> [PROBLEM TO WORK ON]: Copy the listing below letter for letter, passing over each picture.

> [STORED DATA]:
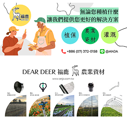 噴水管灌溉系統、防草防蟲覆蓋地膜、噴水灌溉噴頭、噴灌器材、噴灌系統、滴灌器材、滴灌配件、滴灌系統、滲水管、漁業養殖曝氣管、網室配件、網室器材、陣列式網室系統、農業資材、溫室配件、溫室器材、溫室系統、滑門灌溉系統、造霧配件、造霧系統、降溫系統、地面固定插、育苗盤、噴藥噴槍、超高壓噴藥軟管、隧道棚透明膜、農園藝用膜、防草保溫資材、防草保溫固定器材、育苗用穴盤、農園藝容器、農園藝用網繩線、農園藝固定器材、PE管、PE配件、PE材料、農園藝資材開發、農園藝設計、農園藝諮詢規劃、農園藝施工
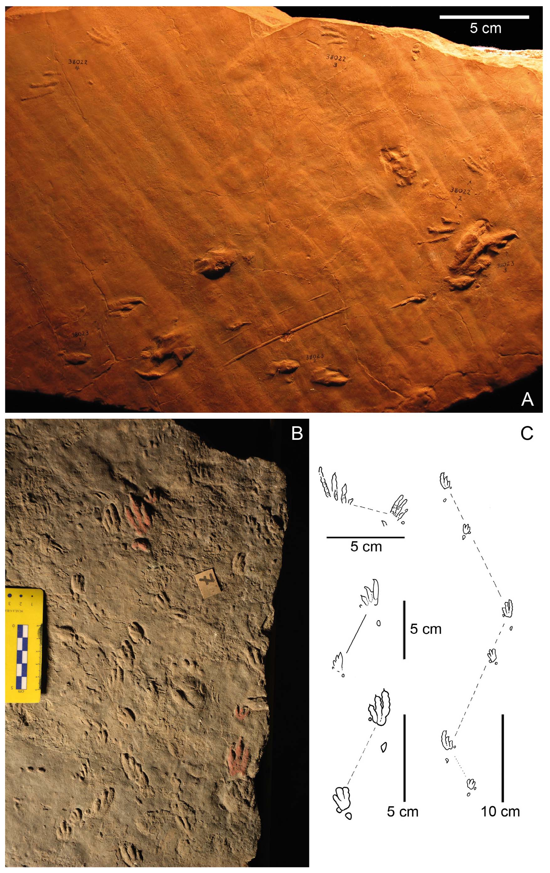 - Rotodactylus (dinosauromorph) footprints and trackways from Middle Triassic deposits. A. Rotodactylus cursorius (R. “mckeei”) from upper red formation (Moenkopi Group, Middle Triassic, Anisian) of Utah (from Klein and Lucas, 2010b). B. R. matthesi with Chirotherium sickleri (red colour) from Solling Formation (Buntsandstein, Middle Triassic, Anisian) of Thuringia, Germany. C. Interpretive sketches of R. cursorius (top left and centre left) and R. matthesi (bottom left and right) (from Peabody, 1948; Haubold, 1971b).
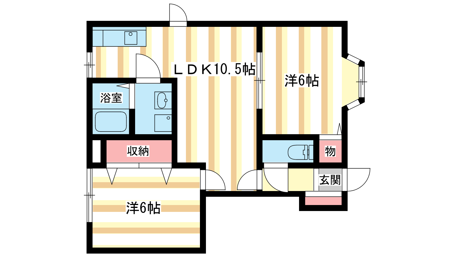 - 洋室6帖、洋室6帖、LDK10.5帖

> [RESULT]:
 噴水管灌溉系統、防草防蟲覆蓋地膜、噴水灌溉噴頭、噴灌器材、噴灌系統、滴灌器材、滴灌配件、滴灌系統、滲水管、漁業養殖曝氣管、網室配件、網室器材、陣列式網室系統、農業資材、溫室配件、溫室器材、溫室系統、滑門灌溉系統、造霧配件、造霧系統、降溫系統、地面固定插、育苗盤、噴藥噴槍、超高壓噴藥軟管、隧道棚透明膜、農園藝用膜、防草保溫資材、防草保溫固定器材、育苗用穴盤、農園藝容器、農園藝用網繩線、農園藝固定器材、PE管、PE配件、PE材料、農園藝資材開發、農園藝設計、農園藝諮詢規劃、農園藝施工
 - Rotodactylus (dinosauromorph) footprints and trackways from Middle Triassic deposits. A. Rotodactylus cursorius (R. “mckeei”) from upper red formation (Moenkopi Group, Middle Triassic, Anisian) of Utah (from Klein and Lucas, 2010b). B. R. matthesi with Chirotherium sickleri (red colour) from Solling Formation (Buntsandstein, Middle Triassic, Anisian) of Thuringia, Germany. C. Interpretive sketches of R. cursorius (top left and centre left) and R. matthesi (bottom left and right) (from Peabody, 1948; Haubold, 1971b).
 - 洋室6帖、洋室6帖、LDK10.5帖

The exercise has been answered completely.